Because CFS is not easily diagnosed, health experts have established some rules to help them recognize the disease. To be diagnosed with CFS, you must have fatigue and at least four of the symptoms listed above. At least four of your symptoms must have started at the same time as or after your fatigue began, and they must have lasted for at least 6 months.

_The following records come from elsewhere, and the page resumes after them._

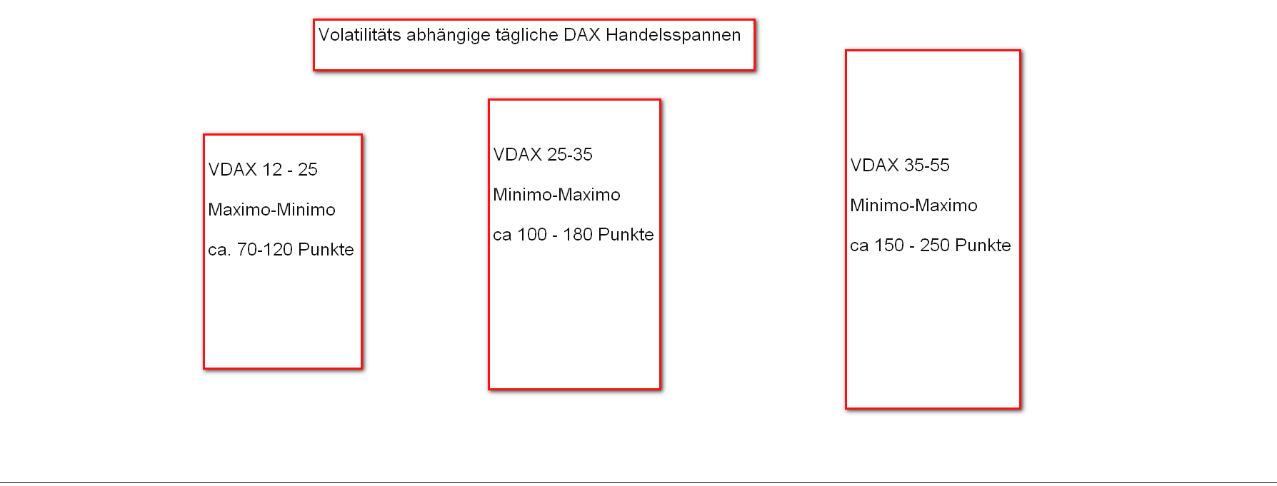 Das Ziel eines privaten Traders ist die Erwirtschaftung eines konstanten Einkommens. Als Handelsinstrument steht börsentäglich der FDAX/CFD GERMAN 30 mit ausgeprägter Bewegungsdynamik zur Verfügung. Es gilt also aus der Intraday Handelsspanne ein Stück " herauszuschneiden". Die Schwankungsbreite der Trading-Range ist abhängig von der vorherrschenden Volatilität. Der zugrunde liegende Indikator ist der VDAX-NEW. onvista.de/index/VDAX-NEW-VOLATILITTS-Index-12105789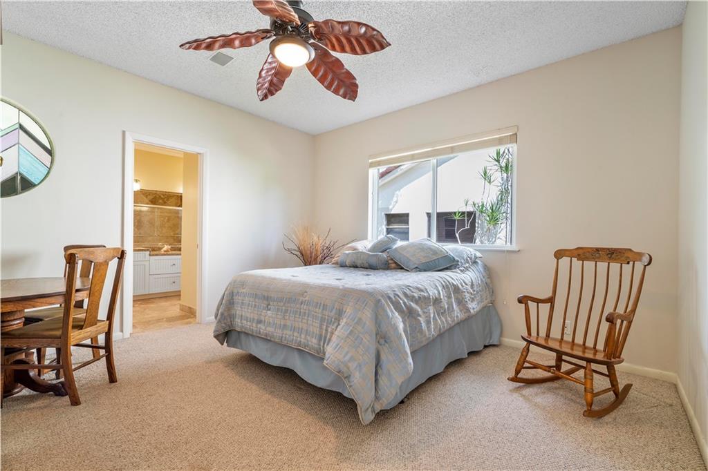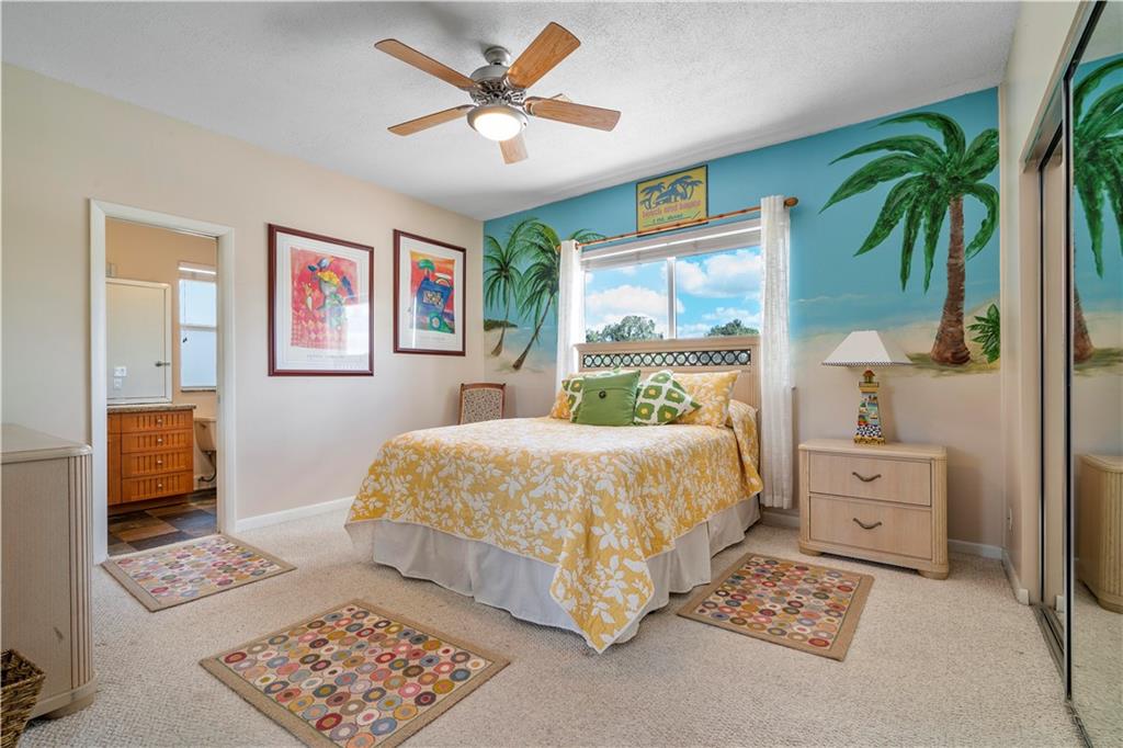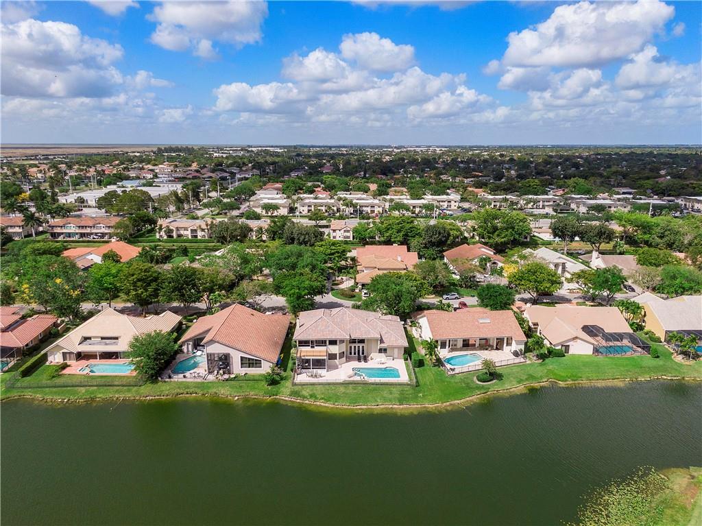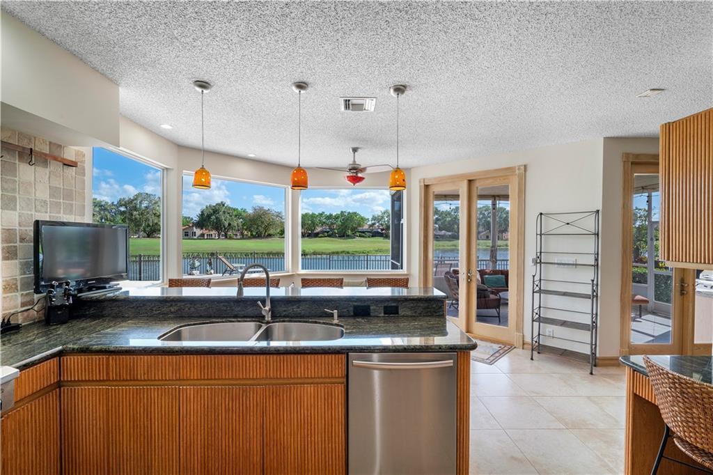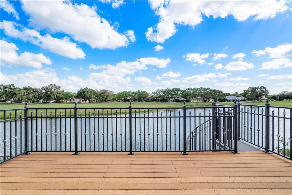 Spectacular 5 Bed 3 full and 2 half bath custom home on wide waterfront lot with panoramic golf course views. Rolling greens and flowing waterway provides million dollar views from living areas, pool, over sized patio and 2nd floor balcony. Chef's Kitchen has granite counters, stainless steel appliances including, 4 Burner Gas Cook-top, side by side refrigerator and more!! All Impact Windows and Doors! (Except 3 Windows in Front). Interior freshly painted. All bathrooms remodeled. Spacious family room with custom entertainment style wet-bar. Gorgeous bamboo wood and lucite staircase to 2nd Floor master suite & large sitting room. Built in closet systems. Neutral marble,bamboo wood and tile floors. Huge circular drive, 3-Car Garage,3-zone A/C. Security & central vac systems.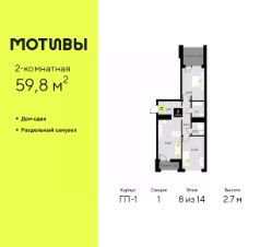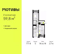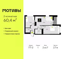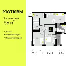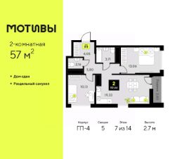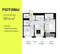 Продается 2-комн. квартира от застройщика с предчистовой отделкой в ЖК ''Мотивы'' на 3 этаже. Общая площадь: 59.3 кв.м. Высота потолков 2.7 м. Квартира будет сдаваться с предчистовой отделкой White Box: выровнены и оштукатурены стены, проведено электричество и отопление, установлены радиаторы. Вы также можете приобрести квартиру с ремонтом от застройщика, представленным в трех цветовых решениях Scandi, Wood и Coffee и включающим ламинат, обои под покраску, двери, натяжной потолок и санузел с сантехникой. При желании вы можете заказать отделку под ключ, варианты возможных решений представлены в альбоме фотографий. Квартира находится в корпусе ГП-2. Дом монолитный, одноподъездный, высотой 7 этажей. На этаже 5 квартир. В подъезде 1 пассажирский и 1 грузовой лифт. На сегодняшний день строительство завершено, дом сдан в 4 квартале 2024 года. Оформление сделки по договору купли-продажи. Закрытая от автомобилей территория, безопасный двор и камеры видеонаблюдения - гаранты вашего спокойствия. Квартал будет располагать богатой инфраструктурой: на первых этажах разместятся магазины, пекарни, кофейни, пункты выдачи, аптеки, детские центры, цветочные салоны и многое другое, что сделает жизнь поистине комфортной. Рядом находится парк общей площадью почти 5000 м², в котором располагаются локации для игр и отдыха жителей, здесь можно совершить утреннюю пробежку или прогуляться после рабочего дня. В парке есть зона воркаута с тренажерами для взрослых, игровые комплексы с горками и канатный комплекс для детей разных возрастов, качели и лавочки для отдыха, площадки для командных видов спорта и для панна-футбола. В ЖК ''Мотивы'' всё продумано до мелочей: светлые холлы входных групп, оформленные в едином стиле, просторные колясочные, лапомойки для питомцев. На территории комплекса находятся 2 8-ми этажных паркинга и более 1000 м/м на открытой парковке. Жилой комплекс находится в одном из экологически благоприятных районов Тюмени, недалеко от Плехановского бора. При этом до центра города можно добраться за 15 минут, а до международного аэропорта Рощино за 13 минут. Окончание строительства: ГП 1, 2, 3, 4 сдача до конца 2024 года, ГП 6, 7, 8 сдача 2 квартал 2026 года. #zMd480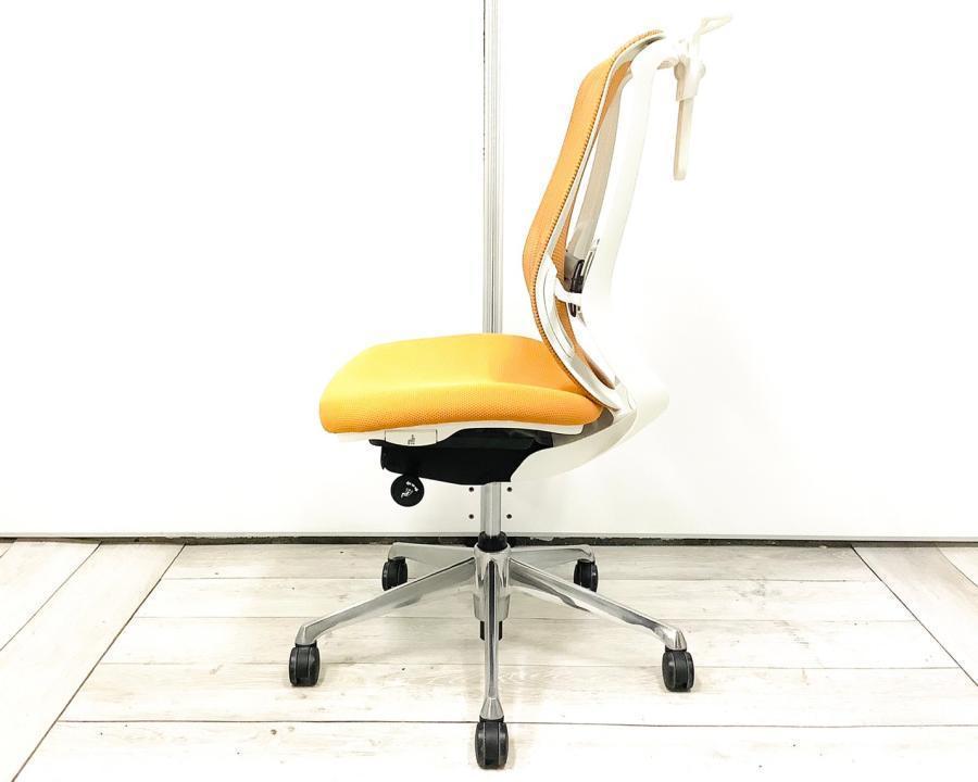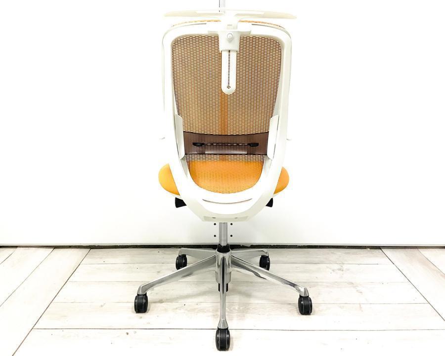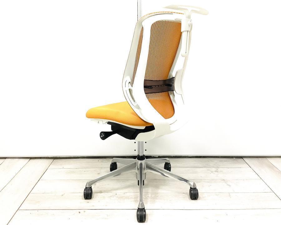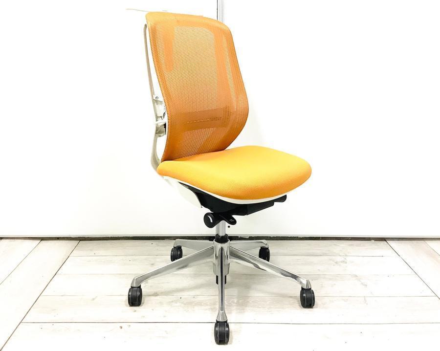 【在庫入替セール品!】【大人気チェア入荷!前傾機能とクッション性・フィット性から大好評な国産チェア!】■オカムラ(okamura)製 シルフィーメッシュ 肘無ハイバックチェア ■オレンジ×ホワイトフレーム ■ハンガー付 ■ランバーサポート付【弊社使用欄:A00948526】サーキュラーバリューCO2削減量の算出について

However, if you have persistent, unexplained tiredness and other typical CFS symptoms but do not quite meet these criteria (for instance, if you have had symptoms for less than 6 months), you may still be presumed to have CFS, and you may need treatment.
Some people with CFS develop a condition in which their heart rate increases and their blood pressure drops when they stand or sit up from a reclining position. This is often described as feeling "lightheaded" or feeling faint or dizzy. This condition is called orthostatic hypotension.
Depression is common and can make your other symptoms worse. Antidepressant medicines can help you feel better.
CFS causes symptoms that are the same as many other diseases, especially early on. For this reason, it can be diagnosed only after a thorough evaluation has ruled out other conditions with similar symptoms.
In some cases, chronic fatigue syndrome (CFS) develops after an illness such as mononucleosis (mono) or flu, or after a period of unusual stress. But it may also develop without warning, even if you have not been sick.
The fatigue may come upon you gradually or quite suddenly. Because fatigue can be vague and can be caused by many things, you might not pay attention to the problem for several weeks or months. It is hard to say what is normal with CFS because the diagnosis often is not clear for some time.
- Symptoms are worse at the beginning.
- Later, you may feel better for a time and then feel worse again. Or, your symptoms may disappear entirely. Many people improve in a year or two and do not have a relapse. Some people continue to have severe fatigue and other symptoms for many years.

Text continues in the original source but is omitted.